TASK:
Could you reproduce every record below exactly, excluding all pictures?

[Extracted records]
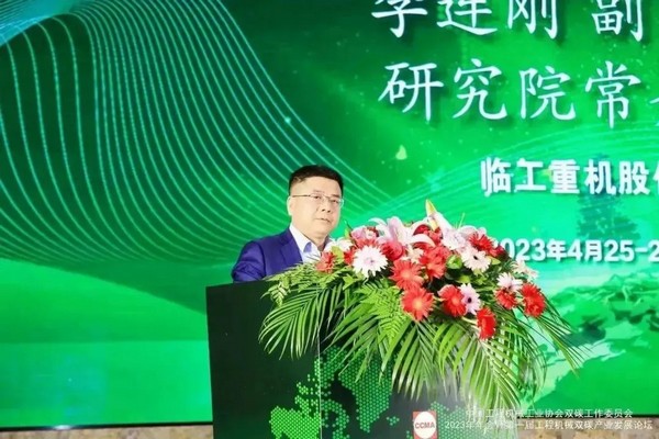 银河集团(中国)股份重机副总经理、研究院常务副院长李连刚在会上做《绿色低碳工程机械之路》主题报告,结合典型产品及应用案例,详细阐述了银河集团(中国)股份重机把握双碳战略机遇,在绿色低碳领域打造出的市场布局、系列产品、数字化工厂和服务体系。
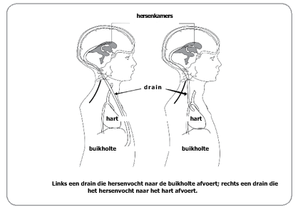 Om een hydrocefalus te behandelen plaatst de neurochirurg een drain. Dit gebeurt tijdens een operatie. Dit is te vergelijken met een slangetje met daarin een klepje (drukventiel). Het slangetje voert het overschot aan hersenvocht af, van de hersenkamers naar de buikholte (of heel soms naar een andere lichaamsholte).
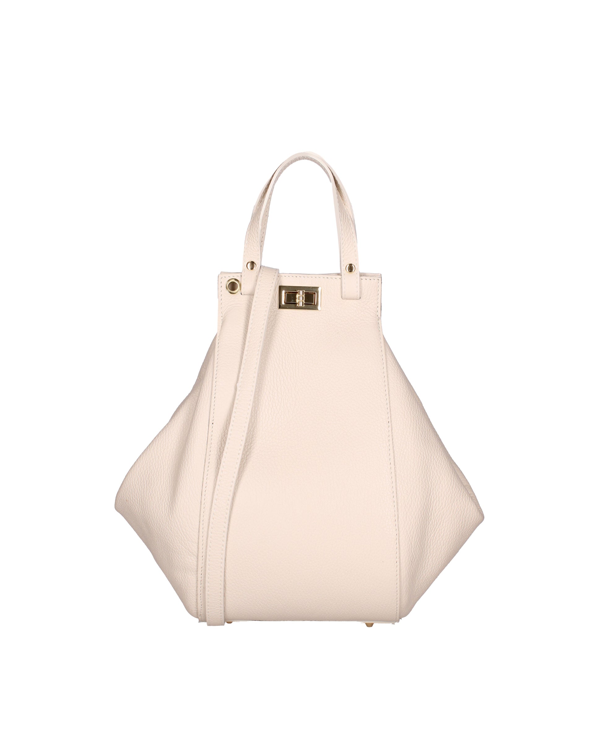 Women's handbag. The closure is with zip. The internal pockets are one with zip. The external pockets are absent. The shoulder strap is adjustable and removable in leather. The handle is in leather. The internal compartments are one. The external material is real dollar leather. Internally it is lined in 70% cotton - 30% polyester fabric. Measurements: . Made in Italy
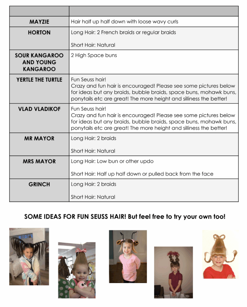 Last week I attached a “hair style” sheet for our shows. You are more than welcome to have your kiddo arrive at school with that hairstyle on Monday for Cast Photos. It would be a great practice.
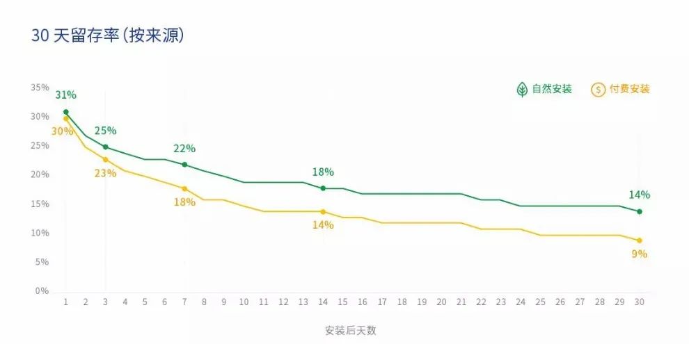 在自然安装和付费安装的对比中还可以发现,在日本自然安装用户相比于付费买来的用户更加忠诚,而且时间越久这种忠诚度差距越大。
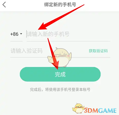 3、输入新的手机号与验证码后点击完成即可

TASK SOLUTION:
 银河集团(中国)股份重机副总经理、研究院常务副院长李连刚在会上做《绿色低碳工程机械之路》主题报告,结合典型产品及应用案例,详细阐述了银河集团(中国)股份重机把握双碳战略机遇,在绿色低碳领域打造出的市场布局、系列产品、数字化工厂和服务体系。
 Om een hydrocefalus te behandelen plaatst de neurochirurg een drain. Dit gebeurt tijdens een operatie. Dit is te vergelijken met een slangetje met daarin een klepje (drukventiel). Het slangetje voert het overschot aan hersenvocht af, van de hersenkamers naar de buikholte (of heel soms naar een andere lichaamsholte).
 Women's handbag. The closure is with zip. The internal pockets are one with zip. The external pockets are absent. The shoulder strap is adjustable and removable in leather. The handle is in leather. The internal compartments are one. The external material is real dollar leather. Internally it is lined in 70% cotton - 30% polyester fabric. Measurements: . Made in Italy
 Last week I attached a “hair style” sheet for our shows. You are more than welcome to have your kiddo arrive at school with that hairstyle on Monday for Cast Photos. It would be a great practice.
 在自然安装和付费安装的对比中还可以发现,在日本自然安装用户相比于付费买来的用户更加忠诚,而且时间越久这种忠诚度差距越大。
 3、输入新的手机号与验证码后点击完成即可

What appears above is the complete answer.